I hope that our 1990 US Congressmen enjoyed the dollars spent on wine, food, women, song, campaign contributions, jobs for their (unemployable) children, and vacations that the oil company paid lobbyists probably paid to entice (bribe) our congressmen to pass that 1990 legislation to burden the government with the costs of damages caused by oil exploration.

Why else would the US congressmen have voted for such legislation?

Without this legislation, would BP have operated that drilling with more safety?

re: 20-year-old oil spill liability law creates "incentives for

Gearld, I think if this law had not been passed there probably would not have been any drilling at all.
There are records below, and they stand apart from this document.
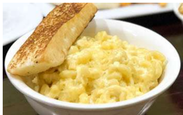
Macaroni & Cheese $9.95 Served with garlic toast

Customary 10% service charge will be added to your bill for parties of 11 or less and 15% for parties of 12 or more.
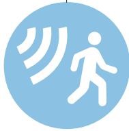
3rd Party Alarm System
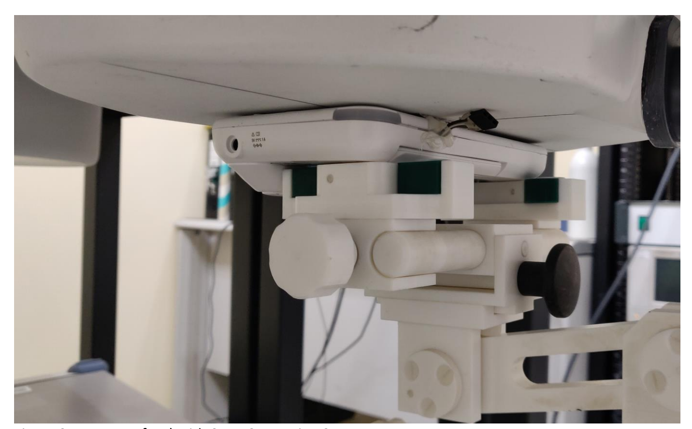
Figure 2 – Front surface) with 0mm Separation 2
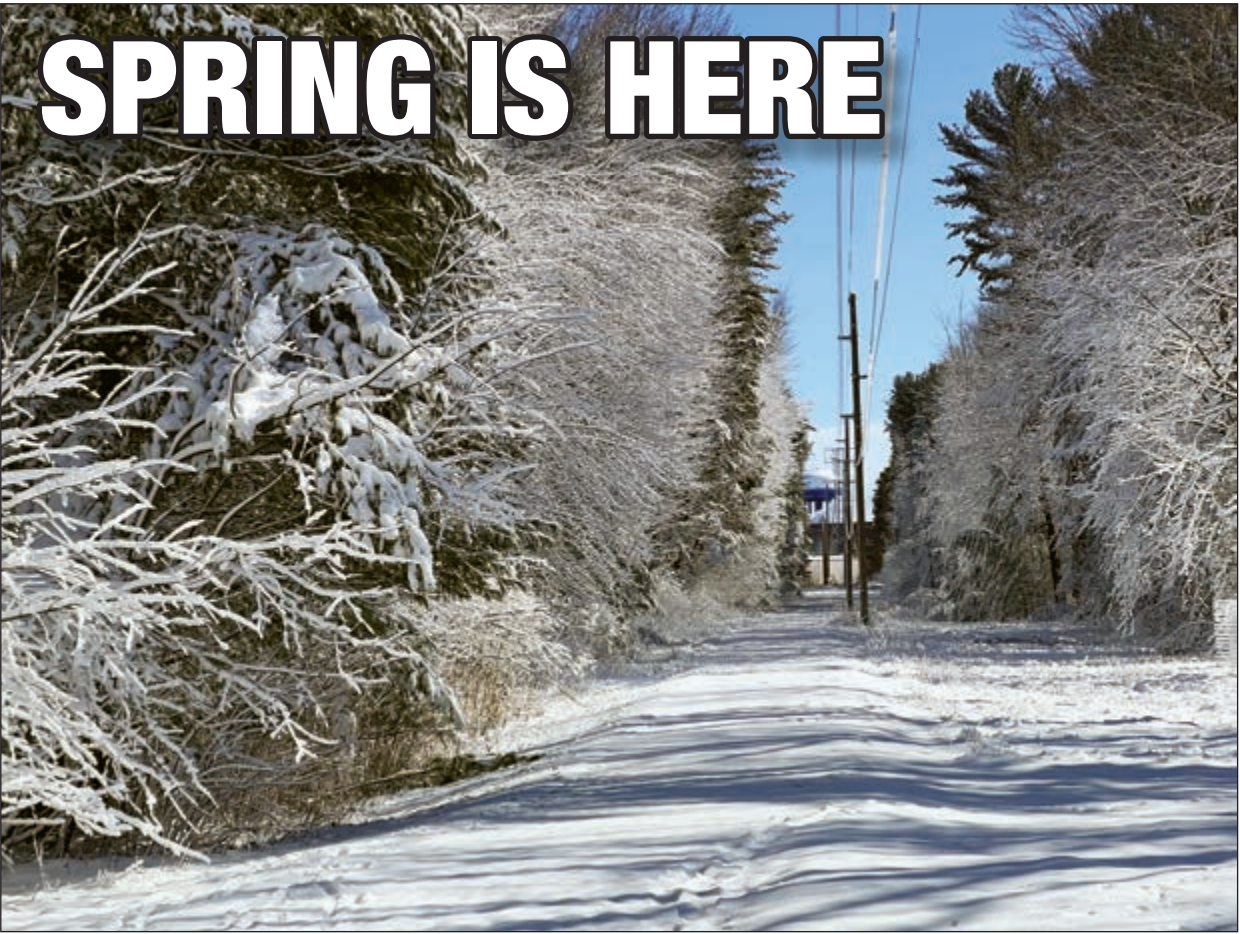
The first day of spring on March 20 in Stevens Point was rung in with five to seven inches of snow blanketed across the city. Pictured here, the Westside Loop of the Green Circle Trail was covered in heavy wet snow that weighed down tree limbs that nearly touched the ground in some areas.

I would not be surprised to find out the the enormous level of water pressure (around 1 ton per square inch) had quite a bit to do with this disaster. I know if I was an oil company CEO, I would not have drilled on that site at all.

re: 20-year-old oil spill liability law creates "incentives for

BP is such a joke… they should all be arrested along with the US govt. How long ago did they cap the leak? And how many legitimate claims are still “pending” from damages they suffered back in the beginning of the summer? I happen to know three people that were affected directly by BP’s shady PR tactics and manipulation of our laws, one of whom was a journalist who was almost arrested and charged with felonies for taking pictures of oil covered animals near the coast. Not only is it bad enough that thousands of fishers’ lively hoods are ruined for god knows how many years to come, they were paid a pathetic amount of money to clean up BP’s own mess. To add even more insult to injury, BP used Corexit 9527, which contains mainly 2-butoxyethanol, which is very toxic. You wouldn’t have to be a scientist to know that, since in the first week of using it over 70 fisherman ended up at the hospital. Of course if you even inquired about this, I’m sure the govt (which is pretty much owned by oil companies) would deal with you quite quickly, let alone taking pictures of it in an attempt to run a story on it. If you didn’t know already, the govt is doing what they do best… crapping on the 1st amendment: naturalnews.com/029130_Gulf_of_Mexico_censorship.html. My friend who almost got arrested on felony charges simply went out on a boat into about 30 feet of water and used a water proof cam to photograph one of the many oil plumes forming at the bottom of the surface (which BP vehemently denies). Now here comes the hilarious part. He switched the film in his camera with a blank one in the event they were stopped by police, which they were as soon as they got back to shore. They let him go but still took his name down, and what do you know... later that night, 2 guys wearing black hoodies attempted to break into his house. He caught pics of them on his home security system (he saved the pics… adt burglar alarms camera break in photos). Hmm, I wonder who paid these guys to break in and what they were after? Definitely not BP or our govt, that’s for sure!